In 2023, Laval will introduce a new $100 annual tax on oil-heated residences, as well as increase its rate from 1.9% in 2022 to 4.8%.

In Longueuil, the rate will drop to 5.6% instead of 3.4% in 2022.

On the Sherbrooke side, rates will remain unchanged at 3%, except for buildings worth more than $750,000, which will be taxed more.

Same story in Levis, which will increase its taxes to 6.8% for buildings of six or more units, as well as a general increase to 4.6%, while the rate was 2.5% in 2022.
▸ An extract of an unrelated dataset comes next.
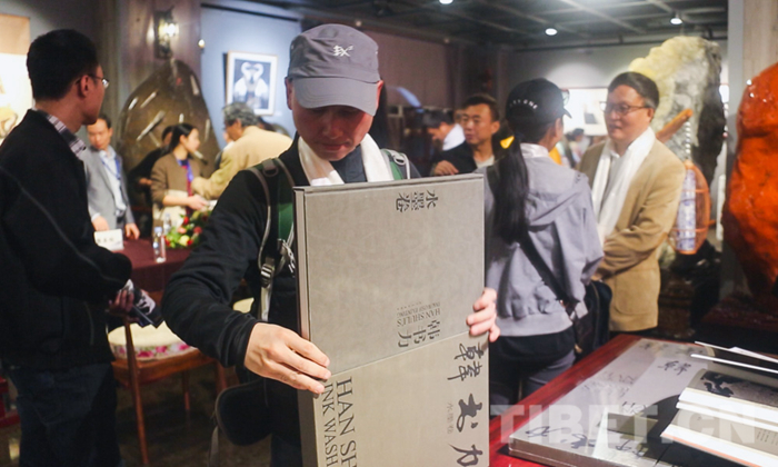 圖為展館內,參觀者正在整理得到的韓書力水墨畫冊。攝影:趙耀
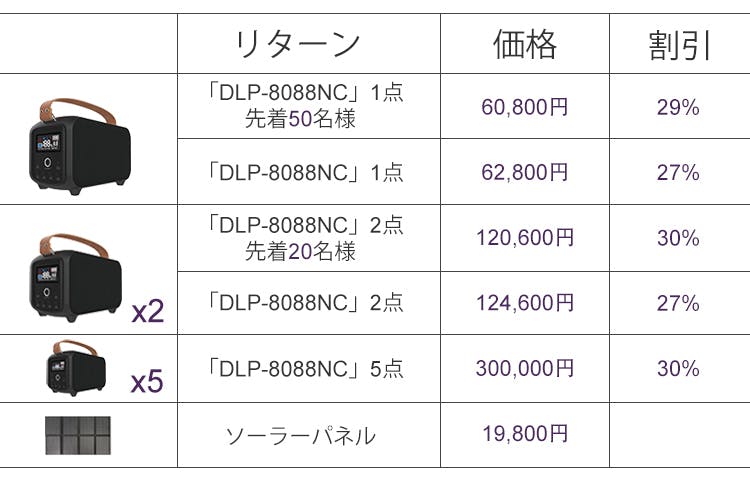 2019/09/30 14:55ご支援いただいた皆さま、こんにちは。雲集商事株式会社でございます 「ポータブル電源DLP-8088NC」をご支援頂き、ありがとうございます。本プロジェクトは、2,627,700円 のご支援金額を賜り、無事に終了することができました!全てはご支援くださいました皆さまのお陰です、本当にありがとうございました!リターン商品の発送は予定通り、進捗状況につきましては、随時活動報告を通じでご報告させて頂きます。もう一点が『商品の郵送先』の確認です。 『住所記載ミス』や『引っ越し』等で、商品戻りが発生しております。円滑の商品をお届けさせて頂きたいので今一度、配送先の住所確認のご協力をお願いします。お申し込み時にご指定いただいた配送先は、マイページよりご確認いただけます。変更があった場合は、マイページより住所変更の手続きをお願いします。今後ともをよろしくお願いいたします。 もっと見る

Granby will suffer a significant gap, as the city will go from a -10% rate in 2022 to a positive rate of 3.5% in 2023.

Gatineau will move from 1.9% to 2.9%, Quebec from 2.2% to 2.5%, Trois-Rivières from 3.2% to 7.17%, Shawinigan from 2.88% to 6.9% and finally Rimouski from 2.9% to 3.6%. Saguenay, which was on a tax freeze in 2022, will drop to a rate of 4.86% from 2023.